Sono mamma di due bambini piccoli, di 4 e due anni, e quello affrontato è un tema che mi è molto caro, al quale rifletto quasi quotidianamente. Intuitivamente, senza particolari conoscenze della materia, mi sono resa conto dell’impasse, come dicono in francese, data dal “bravo”, e la condivido. La mia impressione, tuttavia, è che la situazione sia più complessa e meno facile da sgarbugliare. Mi spiego: pur non verbalizzandolo, il giudizio si nasconde nei nostri occhi, nell’attenzione che diamo a certe cose che i nostri figli stanno facendo, nel tempo che dedichiamo a certe attività, piuttosto che ad altre. Per un bambino è maledettamente difficile crescere “libero” dai nostri giudizi e dalle nostre propensioni, perché non è necessario che esse vengano espresse. Forse riuscirò a spiegarmi facendo il mio esempio personale: mio malgrado, io giudico tutto; non vorrei, mi sforzo, ma inevitabilmente lo faccio. Poi mi fermo, rifletto, modero, ritratto, ma il giudizio c’è. Sono esigente, con me stessa, e ahimè, inevitabilmente coi miei figli, anche se non lo dico: non dico loro bravo, eppure loro sentono la pressione che si cela dietro questa parola. Pronunciare o non pronunciare la parola, dunque, serve, ma relativamente. E vorrei sbagliarmi.
“provate a dire “spero che tu trascorra una splendida giornata. Sii te stesso.
Mi raccomando non confondete il riconoscimento e il bisogno di esser visti con la gratificazione dell’adulto”.
Ma davvero si parla così ai bambini??? Non significa già trattarli da adulti?
Non sono proprio d’accordo con l’articolo. Anzi. L’unico modo per essere un bambino/adulto sicuro è avere un genitore dietro che ti fa sentire tale.

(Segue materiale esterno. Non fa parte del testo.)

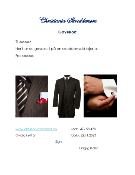 Du kan kjøpe gavekort spesifikt på en skjorte, en blazer etc eller bare et beløp.

Quando si ama e si dicono parole d’amore, non si sbaglia mai!
che cumulo di idiozie
Troppo cervellotico.
Ciao! Intanto complimenti per i bei articoli. Quanto a questo,solo una precisazione:se non ricordo male, nel libro (illuminante) della Miller,si poneva l’attenzione non tanto sui “bravo” detti per comportamenti ritenuti adeguati,quanto piuttosto su tutti i musi e i ricatti morali per comportamenti non in linea con le aspettative egoistiche dei genitori… Da profano,ci vedo una bella differenza e ti confesso che non so immaginare una relazione in cui in qualche caso non si spenda qualche “bravo”.
Premetto che sono solo un inesperto genitore di una splendida bimba, ma solo a me in tutto questo ci sono almeno due cose che non tornano?
Da una parte non mi torna l’importanza che viene data alle parole nella comunicazione con un bambino, dall’altra vedo perdersi l’educazione sociale.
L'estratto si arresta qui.